EXERCISE DETAILS: Transcribe the listing that follows in full, exactly, and drop its images.

[DATA EXCERPT Boundary: Start]

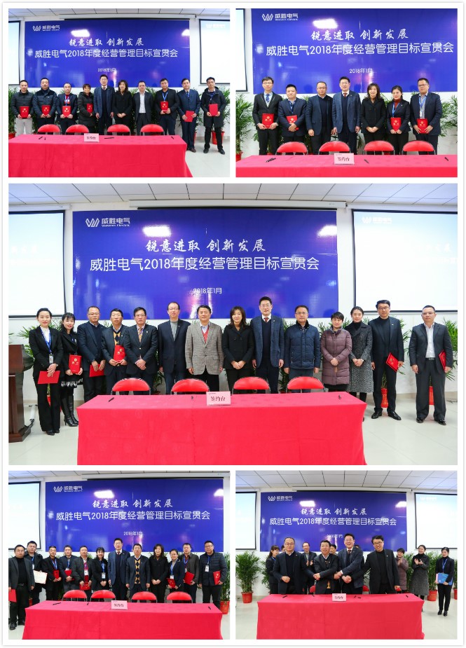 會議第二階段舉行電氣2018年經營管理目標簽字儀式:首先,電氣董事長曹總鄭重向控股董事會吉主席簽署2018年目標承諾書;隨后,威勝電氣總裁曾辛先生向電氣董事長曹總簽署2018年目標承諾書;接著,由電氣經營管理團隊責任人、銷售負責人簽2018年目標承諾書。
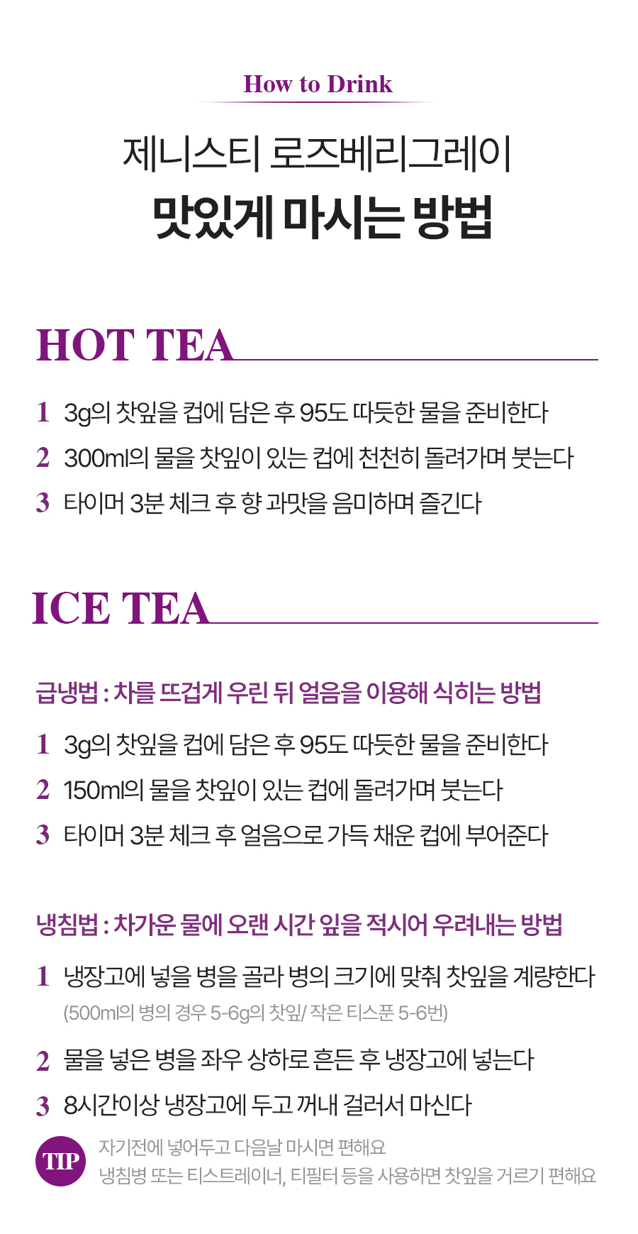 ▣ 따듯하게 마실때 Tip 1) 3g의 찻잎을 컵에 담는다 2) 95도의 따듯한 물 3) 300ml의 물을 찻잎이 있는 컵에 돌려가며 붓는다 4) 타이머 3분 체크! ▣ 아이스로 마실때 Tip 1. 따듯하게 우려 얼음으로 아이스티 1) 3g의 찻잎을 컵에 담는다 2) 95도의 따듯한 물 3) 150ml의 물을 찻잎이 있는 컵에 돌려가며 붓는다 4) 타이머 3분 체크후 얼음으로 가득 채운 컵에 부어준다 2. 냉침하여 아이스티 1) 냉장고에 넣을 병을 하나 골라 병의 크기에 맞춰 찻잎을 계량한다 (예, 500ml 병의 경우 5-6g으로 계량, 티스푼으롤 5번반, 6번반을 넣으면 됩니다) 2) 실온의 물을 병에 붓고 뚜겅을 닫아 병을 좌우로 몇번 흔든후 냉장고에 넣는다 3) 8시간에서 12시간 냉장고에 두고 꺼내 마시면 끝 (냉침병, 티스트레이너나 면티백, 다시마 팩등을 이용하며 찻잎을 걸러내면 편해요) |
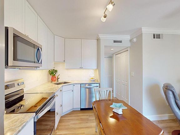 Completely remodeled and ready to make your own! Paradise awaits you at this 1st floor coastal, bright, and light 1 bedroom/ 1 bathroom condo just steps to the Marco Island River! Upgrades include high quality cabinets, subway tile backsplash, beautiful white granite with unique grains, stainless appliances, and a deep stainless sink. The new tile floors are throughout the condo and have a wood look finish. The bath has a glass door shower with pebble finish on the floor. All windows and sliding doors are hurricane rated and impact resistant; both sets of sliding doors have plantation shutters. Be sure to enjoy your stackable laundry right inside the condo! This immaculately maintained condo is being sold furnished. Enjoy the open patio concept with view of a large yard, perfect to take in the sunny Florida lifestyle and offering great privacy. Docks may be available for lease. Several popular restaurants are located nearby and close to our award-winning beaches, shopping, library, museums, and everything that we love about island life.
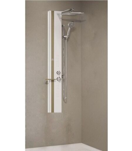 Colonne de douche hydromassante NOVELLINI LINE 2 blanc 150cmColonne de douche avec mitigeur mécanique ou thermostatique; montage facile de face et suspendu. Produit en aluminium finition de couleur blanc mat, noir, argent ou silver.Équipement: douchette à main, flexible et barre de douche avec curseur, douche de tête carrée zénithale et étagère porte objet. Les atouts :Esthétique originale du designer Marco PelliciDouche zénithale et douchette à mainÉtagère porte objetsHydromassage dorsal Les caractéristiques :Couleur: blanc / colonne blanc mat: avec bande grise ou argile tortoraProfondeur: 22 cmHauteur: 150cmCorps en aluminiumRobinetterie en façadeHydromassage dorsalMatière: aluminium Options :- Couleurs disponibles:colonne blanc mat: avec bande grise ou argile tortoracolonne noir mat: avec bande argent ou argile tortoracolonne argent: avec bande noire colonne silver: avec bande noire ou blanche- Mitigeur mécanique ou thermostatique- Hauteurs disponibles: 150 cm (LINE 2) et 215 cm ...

[DATA EXCERPT Boundary: End]

ANSWER BELOW:
 會議第二階段舉行電氣2018年經營管理目標簽字儀式:首先,電氣董事長曹總鄭重向控股董事會吉主席簽署2018年目標承諾書;隨后,威勝電氣總裁曾辛先生向電氣董事長曹總簽署2018年目標承諾書;接著,由電氣經營管理團隊責任人、銷售負責人簽2018年目標承諾書。
 ▣ 따듯하게 마실때 Tip 1) 3g의 찻잎을 컵에 담는다 2) 95도의 따듯한 물 3) 300ml의 물을 찻잎이 있는 컵에 돌려가며 붓는다 4) 타이머 3분 체크! ▣ 아이스로 마실때 Tip 1. 따듯하게 우려 얼음으로 아이스티 1) 3g의 찻잎을 컵에 담는다 2) 95도의 따듯한 물 3) 150ml의 물을 찻잎이 있는 컵에 돌려가며 붓는다 4) 타이머 3분 체크후 얼음으로 가득 채운 컵에 부어준다 2. 냉침하여 아이스티 1) 냉장고에 넣을 병을 하나 골라 병의 크기에 맞춰 찻잎을 계량한다 (예, 500ml 병의 경우 5-6g으로 계량, 티스푼으롤 5번반, 6번반을 넣으면 됩니다) 2) 실온의 물을 병에 붓고 뚜겅을 닫아 병을 좌우로 몇번 흔든후 냉장고에 넣는다 3) 8시간에서 12시간 냉장고에 두고 꺼내 마시면 끝 (냉침병, 티스트레이너나 면티백, 다시마 팩등을 이용하며 찻잎을 걸러내면 편해요) |
 Completely remodeled and ready to make your own! Paradise awaits you at this 1st floor coastal, bright, and light 1 bedroom/ 1 bathroom condo just steps to the Marco Island River! Upgrades include high quality cabinets, subway tile backsplash, beautiful white granite with unique grains, stainless appliances, and a deep stainless sink. The new tile floors are throughout the condo and have a wood look finish. The bath has a glass door shower with pebble finish on the floor. All windows and sliding doors are hurricane rated and impact resistant; both sets of sliding doors have plantation shutters. Be sure to enjoy your stackable laundry right inside the condo! This immaculately maintained condo is being sold furnished. Enjoy the open patio concept with view of a large yard, perfect to take in the sunny Florida lifestyle and offering great privacy. Docks may be available for lease. Several popular restaurants are located nearby and close to our award-winning beaches, shopping, library, museums, and everything that we love about island life.
 Colonne de douche hydromassante NOVELLINI LINE 2 blanc 150cmColonne de douche avec mitigeur mécanique ou thermostatique; montage facile de face et suspendu. Produit en aluminium finition de couleur blanc mat, noir, argent ou silver.Équipement: douchette à main, flexible et barre de douche avec curseur, douche de tête carrée zénithale et étagère porte objet. Les atouts :Esthétique originale du designer Marco PelliciDouche zénithale et douchette à mainÉtagère porte objetsHydromassage dorsal Les caractéristiques :Couleur: blanc / colonne blanc mat: avec bande grise ou argile tortoraProfondeur: 22 cmHauteur: 150cmCorps en aluminiumRobinetterie en façadeHydromassage dorsalMatière: aluminium Options :- Couleurs disponibles:colonne blanc mat: avec bande grise ou argile tortoracolonne noir mat: avec bande argent ou argile tortoracolonne argent: avec bande noire colonne silver: avec bande noire ou blanche- Mitigeur mécanique ou thermostatique- Hauteurs disponibles: 150 cm (LINE 2) et 215 cm ...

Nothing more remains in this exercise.